Claudel y Peguy, dos de los más grandes intelectuales del siglo XX, se toparon con Cristo desde posiciones existenciales abiertamente ateas. Por este motivo, me genera una enorme perplejidad el éxito que parece estar teniendo últimamente entre el público católico cierta clase de ensayos que tratan de demostrar la razonabilidad científica de la creencia en la existencia de Dios. En particular, me refiero al best-seller francés Dios. La ciencia. Las pruebas (Michel-Yves Bolloré y Olivier Bonnassies, 2023) o, con mucho menor impacto, Nuevas evidencias científicas de la existencia de Dios (José Carlos González-Hurtado, 2023).

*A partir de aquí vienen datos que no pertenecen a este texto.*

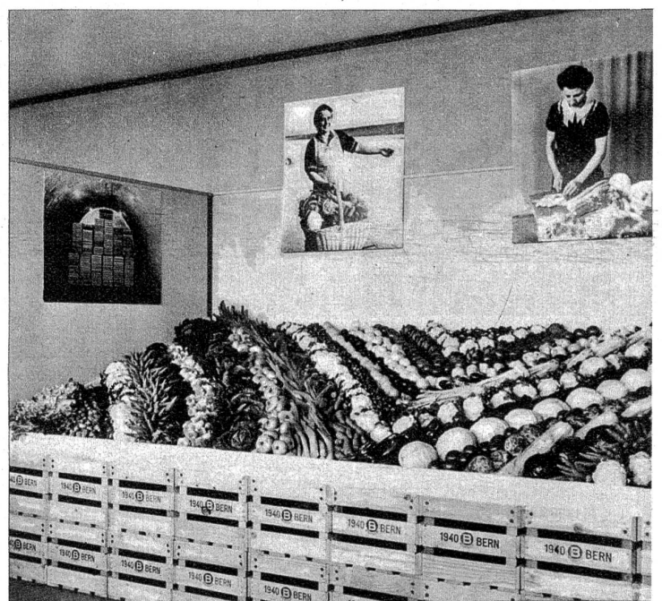
Angesichts dieser verlockenden Gemüseschau fällt es einem leicht mit besten Vorsätzen die Forderung „Esst dreimal mehr Gemüse“ zu beherzigen.

Mit offensichtlich gutem Erfolg wurde kürzlich in der Schulwarte die „Grüne Woche“ durchgeführt, eine Propaganda-Schau unserer einheimischen Volksnahrungsmittel. Kurse, Demonstrationen und belehrende Vorträge mit praktischen Beispielen zeigten unseren Hausfrauen, wie man gerade in schwerer Zeit aus dem was man hat das Beste herausholen kann. Unser obenstehendes Bild zeigt die lächelnde Farbenpracht unseres einheimischen Obstes, das in praktischen Einheitsharassen verpackt auf den Markt kommt. Hoffentlich verschwindet bald einmal auch die gedankenlose Unsitte auf unserem Markt, das Obst wie Kartoffeln zu behandeln, so dass man es fast als eine Seltenheit ansehen muss, unverbeulte Äpfel einzukaufen. Äpfel sollten wie Eier behandelt werden und nicht wie Holztütschi!

En una reseña del primero de los libros citados, se dice nada menos que “Este libro (…) tiene varios méritos, pero el principal es mostrar que la ciencia y la existencia de Dios no están enfrentadas y que los argumentos científicos pueden conducir a la fe.” No me cabe la menor duda de que un sólido conocimiento científico es incompatible con una visión atea del universo, dada la inmensidad de lo aún desconocido en relación con lo limitado de nuestra capacidad de acceso a la realidad, como de forma bellísima muestra Antonio García Maldonado, un autor no creyente, en su reciente ensayo Los sentidos del tiempo (2024). Lo que me parece absolutamente increíble es, por un lado, la pretensión intelectual de que se pueda llegar a la fe en Cristo a través de la ciencia; y, por otro, que se presente al teísmo como el paso previo a la fe; en ambos casos bajo la subrepticia identificación de la razonabilidad de la fe con la cientificidad. Esto, en mi pueblo, se llama confundir el culo con las témporas.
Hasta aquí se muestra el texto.